22.1.18

DEEP PURPLE, November 1970


I am at present engaged in revising my 1983 biography of Deep Purple for publication in a different format later this year. Here's a story from the book that I decided to expand, all 100% true.
        It is late 1970 and Deep Purple are enjoying their first taste of genuine success. 

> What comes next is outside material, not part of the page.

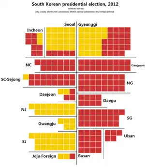 Presidential elections were held in South Korea on 19 December 2012. They were the sixth presidential elections since democratization and the establishment of the Sixth Republic, and were held under a first-past-the-post system, in which there was a single round of voting and the candidate receiving the highest number of votes was elected. Under the South Korean constitution, a president is restricted to a single five-year term in office. The term of the then incumbent president Lee Myung-bak ended on 24 February 2013. According to the Korea Times, 30.7 million people voted with turnout at 75.8%. Park Geun-hye of the Saenuri party was elected the first female South Korean president with 51.6% of the vote opposed to 48.0% for her opponent Moon Jae-in.[1] Park's share of the vote was the highest won by any candidate since the beginning of free and fair direct elections in 1987 and the first such election in which any candidate won a majority.[2] Moreover, as of the 2022 election, this is the latest South Korean presidential election in which the winning candidate won an absolute majority of the vote.

Touring continued for the remainder of the year, with trips to France, Scandinavia and Germany slotted in between UK shows that included universities and seaside towns. The French trip, which I covered for Melody Maker, was hastily rearranged to exclude a club where fire had recently broken out with tragic results, and a prestigious show at the Paris Olympia on November 1 was followed by an impromptu performance at the Gibus Club whose enterprising owner had somewhat cheekily advertised an appearance by Deep Purple that hadn’t been agreed, let alone contracted. 
The club’s manager met with a furious John Coletta backstage at the Olympia but Purple’s manager, unwilling to disappoint scores of French fans, was backed into a corner. The group didn’t seem to mind, though, and free food and drink was provided for the whole Purple entourage in exchange for a short set that comprised old rock’n’roll 12-bar songs like ‘Tutti Frutti’ and ‘Lucille’ that were simple to play. Though the club was packed, it is doubtful whether the increased attendance compensated for the unlimited supply of beer, wine and champagne, not to mention fillet mignon, that was consumed by a party numbering a dozen or more. 
After the feast Ritchie and I left the Gibus to check out the Rock’n’Roll Circus, the Paris rock club that would become notorious as the place where Jim Morrison was last seen alive. We finally left the club in the early hours, by which time we had become attached to a couple of agreeable French girls but much to our frustration the night porter at L’Opera, the hotel where we were staying, refused to allow us to bring them up to our rooms. Livid, Ritchie stormed back outside, with me and the girls in pursuit, and together we hatched a plot to ensure that he, at least, would not spend the night alone. I agreed to abandon my girl, a bit reluctantly to be sure, and while he returned to the lobby and distracted the porter I was to sneak back inside with his girl and meet him on the first floor where he would reassume his courtship of her. 
I recall the tearful farewell to my girl on the steps of the hotel and my poor attempts to explain to her in French why we were not destined to spend the night in each other’s arms. ‘Un autre temps peut-etre,’ I said dismally as she went off to find a cab. 
The night’s fun and games were not over. As it happened the porter saw me and Ritchie’s mademoiselle sprinting through the lobby and, although I met Ritchie as planned on the first floor and ‘handed’ the girl over, a few minutes later the phone rang in my room. It was the night porter. In vain did I deny having a girl there but he came up to look for himself and when he couldn’t find her he demanded to know where she was. A confrontation ensued, not helped by my bad French.
‘Ou se trouve la fille?’ he yelled, looking under the bed and opening the wardrobe door.
‘Quelle fille?’ I responded, smirking.
‘La jeune fille qui arrive avec vous il ya quelques minutes,’ he replied, going into the bathroom. 
‘Il n’y a pas de fille ici,’ I said. ‘Recherche toi-meme. Il n’y a personne.’
He looked like he was staying put until she emerged from somewhere or other so as a last resort to get him out of my room I suggested he try Mr Coletta’s room down the corridor. Unlike him, I knew full well that Mr Coletta had taken a girlfriend, a Playboy Bunny as I recall, over to Paris for the weekend and had, of course, booked a double room for he and her.
        John wasn’t best pleased to be disturbed in the middle of the night by the night porter, or so I gathered in the morning. Ritchie, whose girl remained undiscovered, was highly amused by the whole business and for my sacrifice I earned his undying gratitude, or so I thought.


9 comments:

  1. Dear Chris - I can help a little bit with DP formation stuff - pan_cheslav@mail.ru RAD

    ReplyDelete
  2. That's exciting news about the book. I've had the original since '83.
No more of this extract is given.